Он вышел на сожженной станции — недавно разрушенный монастырь поднимал к небу зубчатую башню; к монастырю приближалась молчаливая процессия; что вы будете делать, когда опомнитесь, чтоб открывать двери, говорить обычными словами и снова любить? Они проходили мимо него, молчаливые, залезали в свои норы, расходились по разным тропинкам. Наконец их осталось только двое — он да длинный тощий старец в бумажных брюках, резиновых галошах на босу ногу, через плечо у него висело зеленое американское одеяло с большими черными буквами U.S. ARMY, на голове шляпа, как перевернутая лохань.
— Пан, — спросил старик, — это правда, что снова будет война?
Он ужаснулся.
— А между кем?
— Говорит, между русскими и Америкой. У американцев вроде есть такая бомба. Как бросят — так целая часть света долой. И огонь столбом до самой луны.
— Да что вы? Кто это вам такое наговорил?
— Да вот все вокруг говорят, — сказал старик. — Человек на все способен. Нравится ему огонь, вот он и зажигает. Той осенью, когда сюда пришел немец, наших согнали в костел, а некоторых увели за деревню в лес. А потом солдаты все полили бензином и подожгли. Огонь клокотал, все только трещало. И мы так кричали, что не узнавали собственных голосов, пока не услышали тех, запертых в костеле; у меня дочка там была, так вот слышал я, как она плачет со всеми детишками своими, как рыдают они в этом страшном огне; а потом немец, офицер с черным лицом, кричал: «Зинген, зинген!» И мы пели, о, господи, как же страшно мы пели и как долго в ту ночь, когда уж и треска-то никакого не было, когда уж никто больше не кричал и было совсем тихо.
Старец приподнял шляпу и ушел по тропинке, ведущей к желтым холмам, где, вероятно, посреди леса поселились люди.
Теперь он остался совсем один. А когда пришла ночь, он вытащил из рюкзака свитер и плащ-палатку, улегся под высокий дуб на опушке леса и сразу же уснул; сны ему не снились. Уже рассветало, когда его разбудил шум моторов. Это была целая колонна машин; первая сразу же остановилась, офицер тщательно проверил бумаги, откозырял, пожал руку и взял его в свой «джип». Дорога вилась вдоль холмов, повсюду видны были воронки. Вскоре они съехали с нее и стали медленно двигаться по кочковатому лугу, они проезжали через временные мосты, но чаще всего вброд, там, где брод был тщательно обозначен палками. Был уже день, когда с голого гребня он увидел развалины сожженного города.
Его высадили на пространстве, которое, очевидно, было когда-то площадью.
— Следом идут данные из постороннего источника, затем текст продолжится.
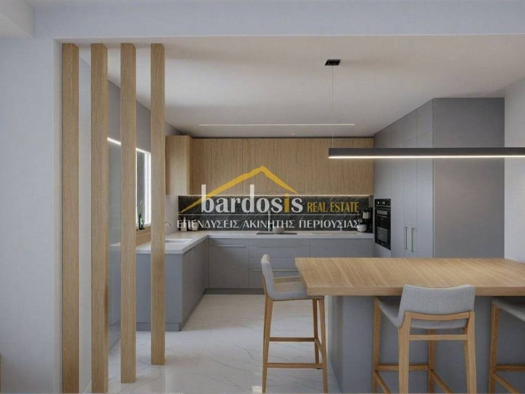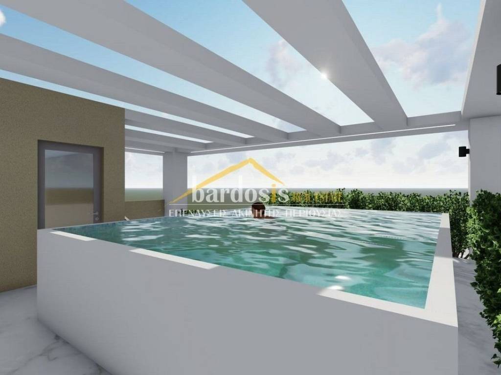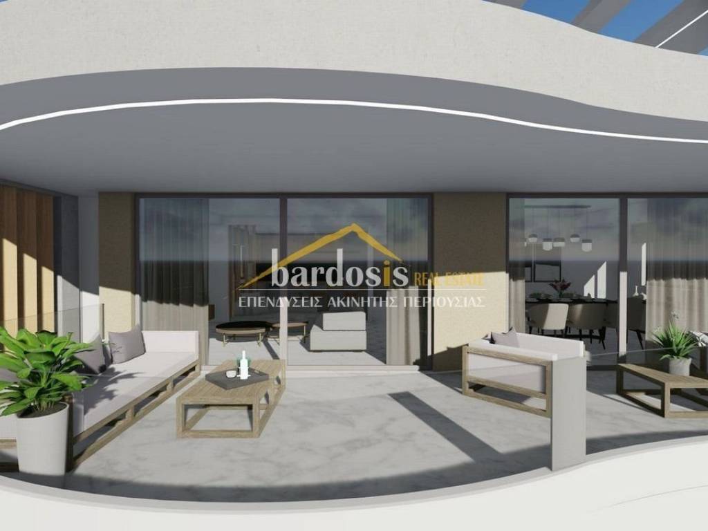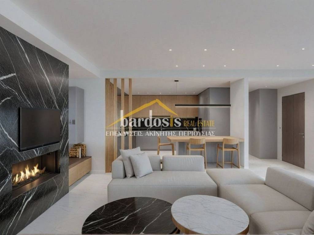 GLYFADA: Apartment 151 sq.m., 4th and top floor of a four-story apartment building, year of construction in 2026 and completion early 2027, high standards, luxurious, frontage, with excellent mountain and sea views, features: large living and dining area with oak floors and fireplace, open-plan kitchen with built-in electrical appliances, wc, 3 bedrooms with oak floors and built-in wardrobes, one of which is a master, 2 bathrooms. It also has: security door, alarm with smart home system, autonomous VRV cooling - heating installation with linear output elements, exclusive use photovoltaic arc, solar water heater, aluminum frames, double glazing, screens, large verandas, exclusive use of a 64 sq.m. roof with a 15 sq.m. swimming pool and living area, closed storage room, 2 closed underground parking spaces (Code: M-17010) Parking underground parking, WC, individual heating, porch, floors (Floors) oak, double glazing, energy class A+, solar, view, situation (Status) under construction, air conditioning, kitchen (Kitchen) open - Single, pool, luxury residence, security door, frontage, penthouse, sieves, alert, bright, use of roof

Он смотрел вслед удаляющимся машинам, в бывших садах до сих пор торчали обгоревшие деревья, но не осталось ни единого цветочка: краски вообще исчезли из этих мест, только на заново построенном сарае висела оранжевая вывеска:
ГАЛАНТЕРЕЙНЫЕ ТОВАРЫ.
Ему показали, как пройти к врачу; нужно было вскарабкаться по зеленому косогору; в деревянном военном бараке он нашел медицинскую сестру. Врач уехал вчера вечером в горы — эпидемия сыпного тифа, а здесь его дожидалась целая толпа деревенских жителей; мотки бинтов, пропитанных кровью, гипс, а рядом жующая корова; на возу умирал безногий, его крик перекрывал тихий и бессвязный гомон людей, обреченных на длительное ожидание.
Наконец> появился врач в высоких сапогах, большой и плечистый, под глазами синие круги утомления, с большими руками, которым приходилось держать лопату.
— Давайте по одному. — И прошел в кабинет, прежде чем его успели схватить протянутые руки.
Инженер присел на деревянной лестнице и слушал непонятный разговор; он смотрел вниз на измученные леса, на плоские кратеры лугов, на маленькие фигурки людей, снующих на дороге, и ждал. В девять часов вечера отковылял последний пациент. Врач выскочил за дверь и закричал:
— Проходите, приятель!
Они сидели в маленькой каморке, в которой стоял только стол, заваленный бумагами, жестяной умывальник с кувшином, шкаф и складная кровать; сестра принесла две большие банки разогретых консервов и бутылки с пивом.